If you’re considering using an AI coding assistant for ML research — not just code generation, but actual research — my advice is: focus on the loop, not the output. Claude will retrieve every known technique that fits your problem. But it won’t tell you when to stop, when the problem is framed wrong, or when a technically correct feature is actually target leakage. That’s still your job.

The magic is in the combination: Claude’s library plus your judgment, iterated 50 times instead of 5.

This workflow is becoming a pattern. Andrej Karpathy’s autoresearch project automates ML experiment loops — 100+ experiments overnight. The autoresearch skill for Claude Code generalizes this into a reusable skill. I didn’t use either — my workflow was more ad-hoc, with me in the loop at every step — but if you’re starting a similar project, they’re worth a look.

The data Valve actually has

Valve is sitting on the ideal dataset and they don’t need ProtonDB at all. On Steam Deck, there’s an opt-in prompt for FPS telemetry — frame times, crash events, hardware state — collected automatically.

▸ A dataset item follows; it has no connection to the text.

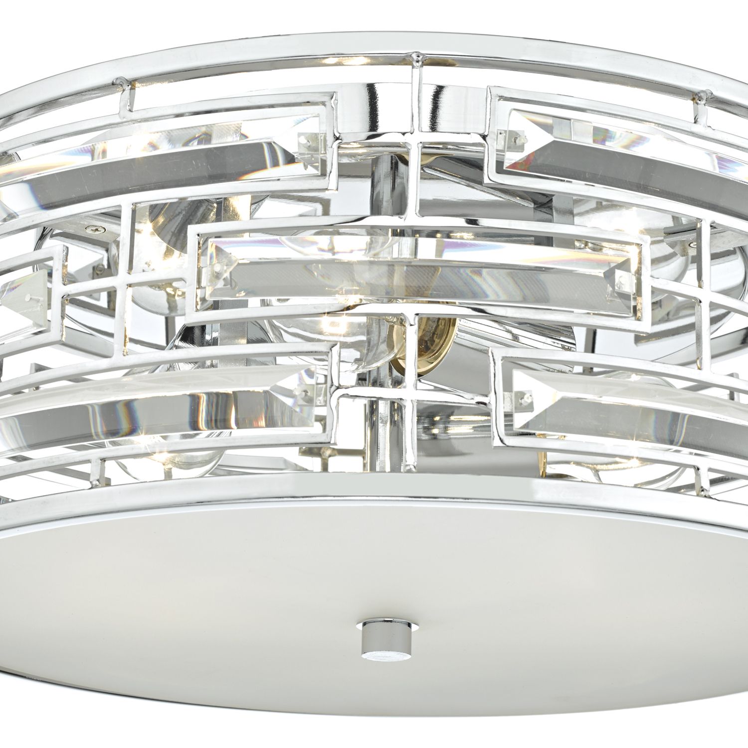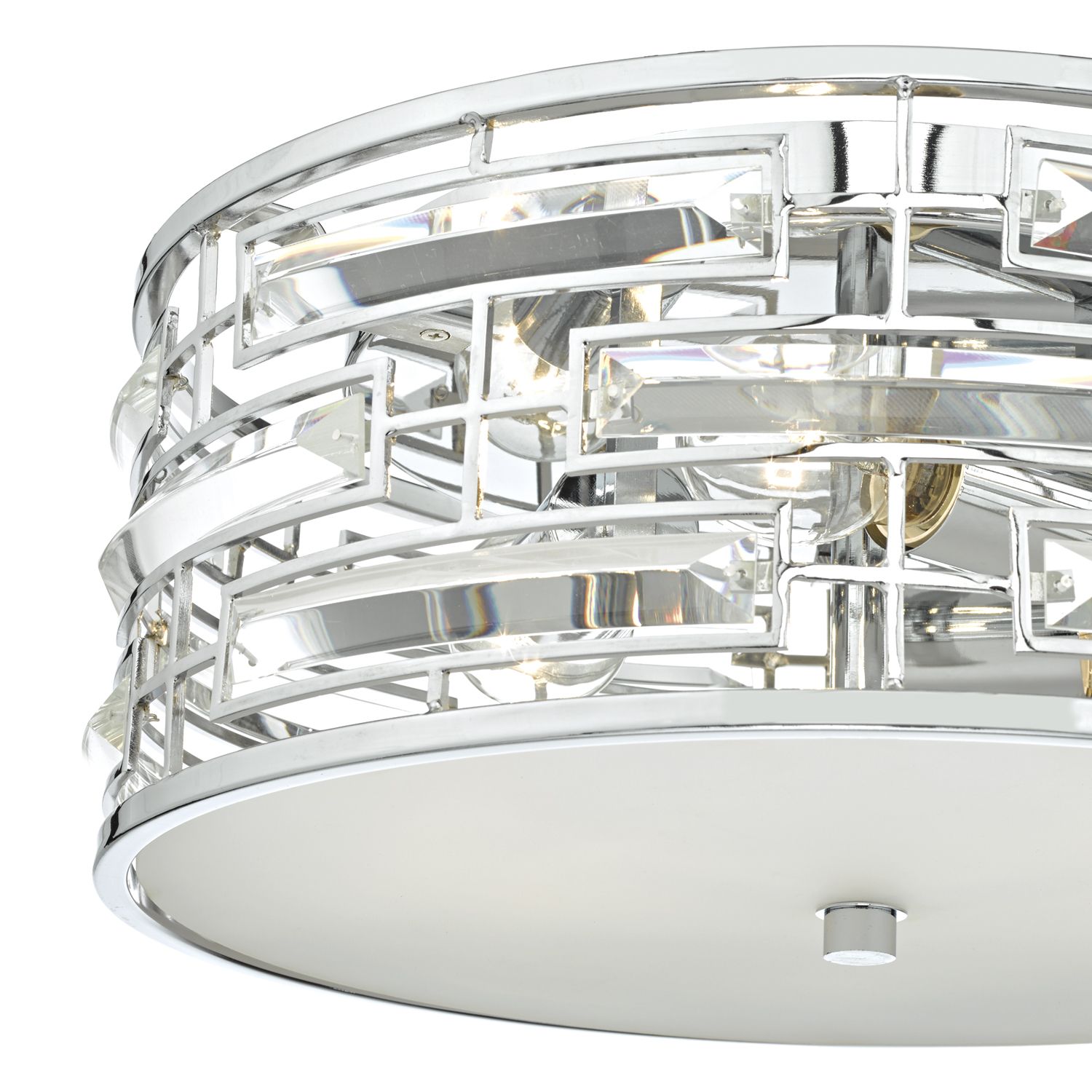 Flush ceiling light, with faceted crystal panels in a polished chrome finish frame, completed with a tempered white opal glass diffuser.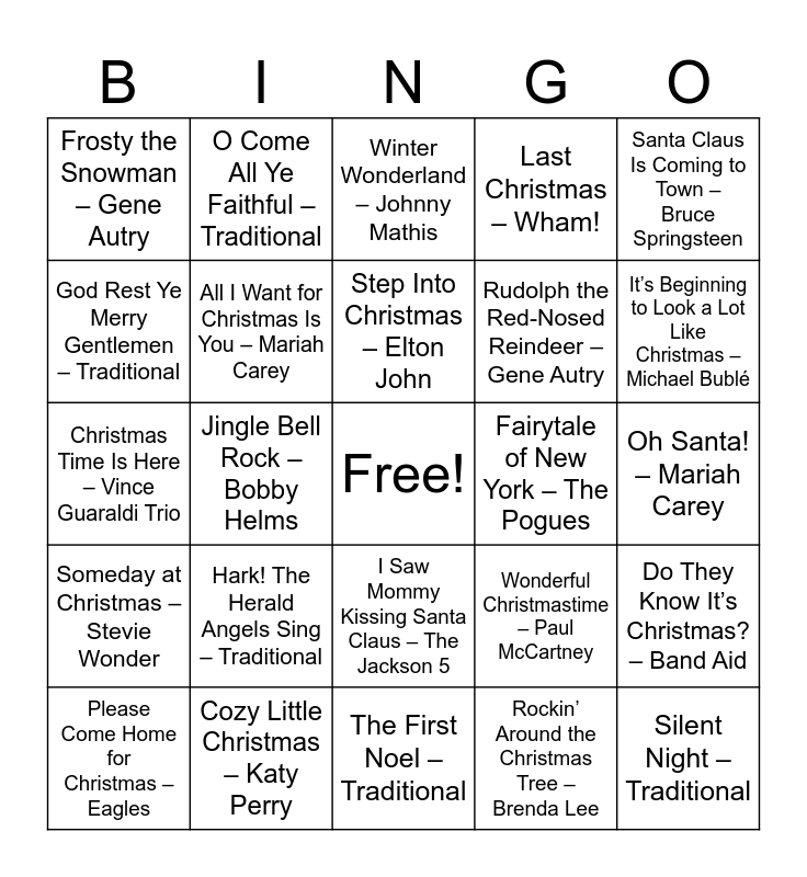 This bingo card has a free space and 50 words: White Christmas – Bing Crosby, Silent Night – Traditional, O Holy Night – Traditional, The First Noel – Traditional, Hark! The Herald Angels Sing – Traditional, Joy to the World – Traditional, O Come All Ye Faithful – Traditional, Deck the Halls – Traditional, God Rest Ye Merry Gentlemen – Traditional, Away in a Manger – Traditional, All I Want for Christmas Is You – Mariah Carey, Last Christmas – Wham!, Do They Know It’s Christmas? – Band Aid, Wonderful Christmastime – Paul McCartney, Happy Xmas (War Is Over) – John Lennon, Christmas (Baby Please Come Home) – Darlene Love, Step Into Christmas – Elton John, Fairytale of New York – The Pogues, Driving Home for Christmas – Chris Rea, Santa Claus Is Coming to Town – Bruce Springsteen, Jingle Bell Rock – Bobby Helms, Rockin’ Around the Christmas Tree – Brenda Lee, Frosty the Snowman – Gene Autry, Rudolph the Red-Nosed Reindeer – Gene Autry, Let It Snow! Let It Snow! Let It Snow! – Dean Martin, Sleigh Ride – The Ronettes, It’s Beginning to Look a Lot Like Christmas – Michael Bublé, Holly Jolly Christmas – Burl Ives, Winter Wonderland – Johnny Mathis, I Saw Mommy Kissing Santa Claus – The Jackson 5, Underneath the Tree – Kelly Clarkson, Mistletoe – Justin Bieber, Santa Tell Me – Ariana Grande, One More Sleep – Leona Lewis, Cozy Little Christmas – Katy Perry, Christmas Lights – Coldplay, My Only Wish (This Year) – Britney Spears, Shake Up Christmas – Train, Like It’s Christmas – Jonas Brothers, Oh Santa! – Mariah Carey, Blue Christmas – Elvis Presley, Pretty Paper – Willie Nelson, Hard Candy Christmas – Dolly Parton, Merry Christmas Baby – Otis Redding, Please Come Home for Christmas – Eagles, Christmas Time Is Here – Vince Guaraldi Trio, This Christmas – Donny Hathaway, What Christmas Means to Me – Stevie Wonder, Someday at Christmas – Stevie Wonder and The Christmas Song (Chestnuts Roasting on an Open Fire) – Nat King Cole.

With that data you could model not just compatibility but performance (does it hold 60fps? where does it stutter?). And because Valve controls the entire stack — Proton, Mesa, the kernel, the hardware — they could A/B test changes at every layer. Ship a new DXVK version to 5% of users, measure the FPS delta across 10,000 games, roll back automatically if regressions appear.

We’re working with ProtonDB because that’s what’s publicly available. But the real solution to “will this game work on Linux?” is telemetry at scale, and Valve is the only entity positioned to do it.